Okay. My pet smart is really good about the fish. Petco is like h*** (just to be safe lol)


----------



## JKfish (Apr 8, 2010)

Not all Petcos are he**ish, I mean, there as some awesome petcos, and awesome petsmarts out there, just like there are awesome petcos and petsmarts.


Also, I need comments from people to include in my letter. Type up anything you wanna talk about, be it how often you think the bettas' water should be cleaned, or how often he/she is fed, wheter you would be more inclined to buy from a petsmart with healthy fish vs dying fish, etc.
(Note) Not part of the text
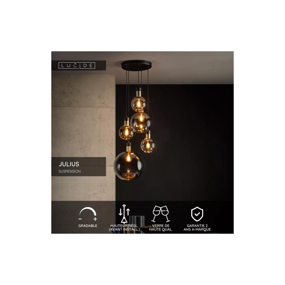 La collection Julius atteint son apogée avec cette interprétation en lustre cascade. C'est une véritable sculpture lumineuse, une pluie de sphères réfléchissantes conçue pour habiller les grands volumes avec une élégance théâtrale. Depuis un pavillon rond unique, cinq globes en verre fumé de tailles différentes descendent en une composition asymétrique et aérienne. Chaque sphère joue indépendamment avec la lumière et les perspectives. L'ensemble crée un mouvement visuel permanent, une constellation de reflets qui évolue au gré de votre position. La finition bicolore noir et dorée de chaque monture apporte des points de lumière chaude au sein de cette composition.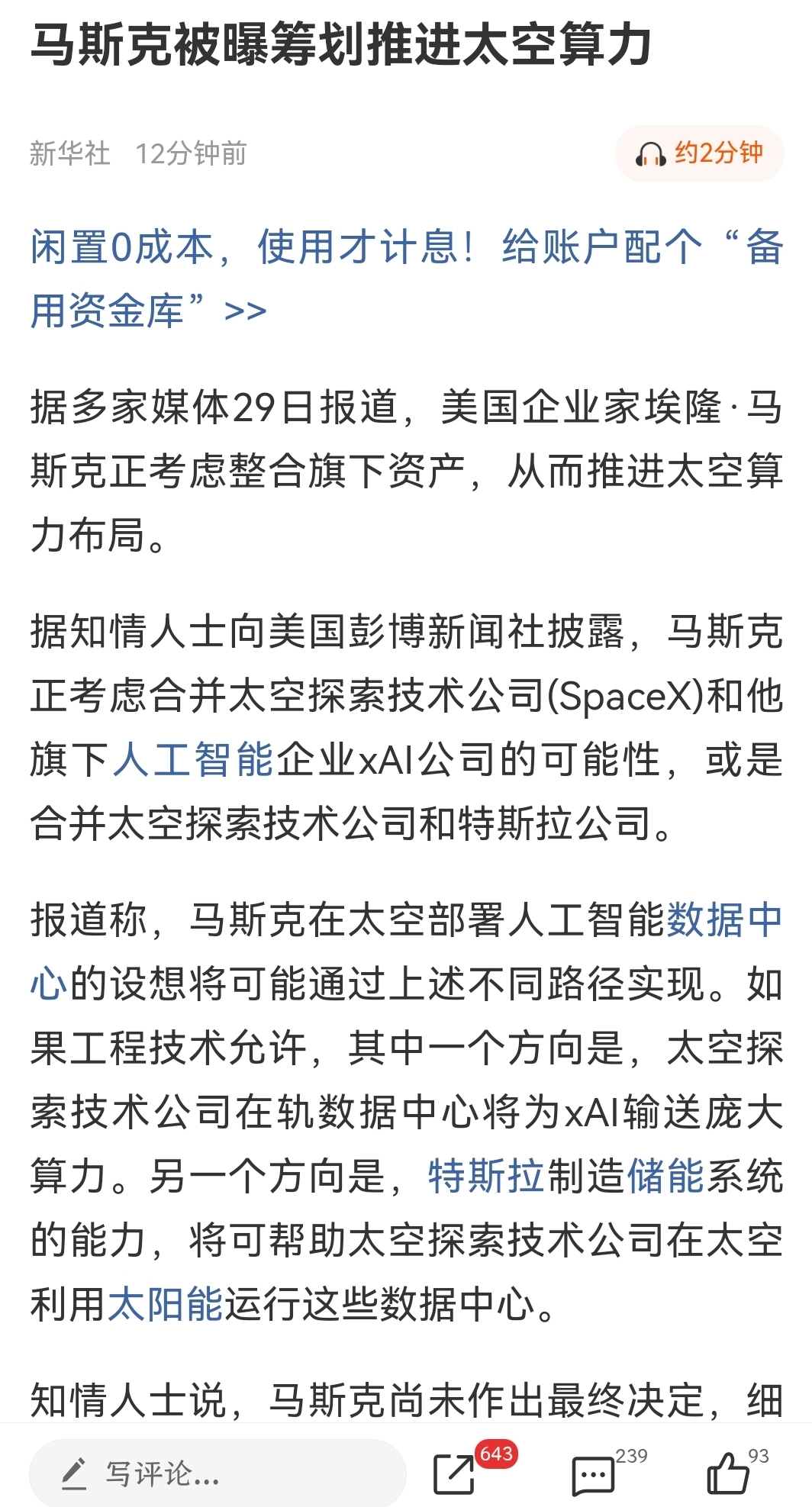 马斯克被爆筹划推进太空算力!航天AI芯片搞起来,太空英伟达搞起来!!!今日抄底,

However, be sure to include how many years you have been keeping betta fish


----------



## frogipoi (Jul 3, 2010)

Here is a comment
"_I have seen good and bad pet stores but I want to see more good then bad. Please let bettas have more space, like a 1/2 gallon tank. Also I wish they be fed natural betta pellets not bread. Water should be cleaned more, so the bettas can be happier. My pet smart does a good job so let's make it even better. You will save money and earn more money if you do this and research. _" I have kept bettas less then a year.


----------



## JKfish (Apr 8, 2010)

*note* try to keep it reasonable, it'd be rediculous to ask petsmart to keep their betta's in half gallon tanks, and if I asked that of the CEO, he'd probably think me a joke, and stop reading the letter


----------



## frogipoi (Jul 3, 2010)

"half gallon tanks are easier to clean and make the betta happier. This will make the shopper look at it and say "Wow, I want one". Researching can help customers and the fish so they buy the right stuff and you get praised. See? You will get more money, look professional, and save money. Don't you agree?"


----------



## JKfish (Apr 8, 2010)

No. Froggie, 1/2 gallons take waaaay too much space up, and cleaning them adds up too much water. I'm thinking this way because it is a buisness way of thinking. Smaller cups are space efficient, water effient, etc. The betta's won't thrive, but they'll be alright in there until they are bought. Though I'd like it to be that way, it wouldn't work for the Petsmart, so they wouldn't do it. So long as there are guidelines to keep all cups clean (maybe cleaning them 1-2 times a day and feeding them 1-2 times a day) and the fish are healthy, I'd be happy, because it'd be a massive improvement over dead fish rotting in cups.


----------



## dramaqueen (Jul 7, 2008)

My Petsmart changes the water in the cups twice a week.


----------



## rockstarbettas (Jul 29, 2010)

The petco near me has beautiful bettas that I have bought with great sucess. Petsmart has some too but they usually only have red/blue. The other petco/petsmart stores here have crappy bettas and its because they leave them in that water without feeding them. iwas just in today and found 12 dead bettas in jars. no one seemed to care. its really sad.


----------



## FloridaBettas239 (Jun 29, 2010)

JKfish said:


> Actually I beg to differ. I actually learned that there is a tiny itty bitty tank with plants in them in most Petsmart stores near me, they are just extremely hard to find. They even sell the marimo balls in most of the fish tanks at are about an inch and a half in width..  not that is's anything to brag about.


 
Yeah but thats the petsmart around you, I live in a big town. I can drive 10 - 15 minutes and there's 3 petsmarts, depending on which direction i want to go. Theres 2 petcos, theres 2 petsupermarkets, and then my buddies pet store where i can get all the stuff half the price of petsmarts and petcos...
Anyway the pet supermarkets are okay, the petco are awesome they have the big planted tanks and salt water tanks. Then the petsmarts are okay they dont have as much as most of the other stores, they only sell plants in them tubes, they have the moss balls inside of there fish tanks but nothing like are petcos, huge planted tank section and salt water sections... 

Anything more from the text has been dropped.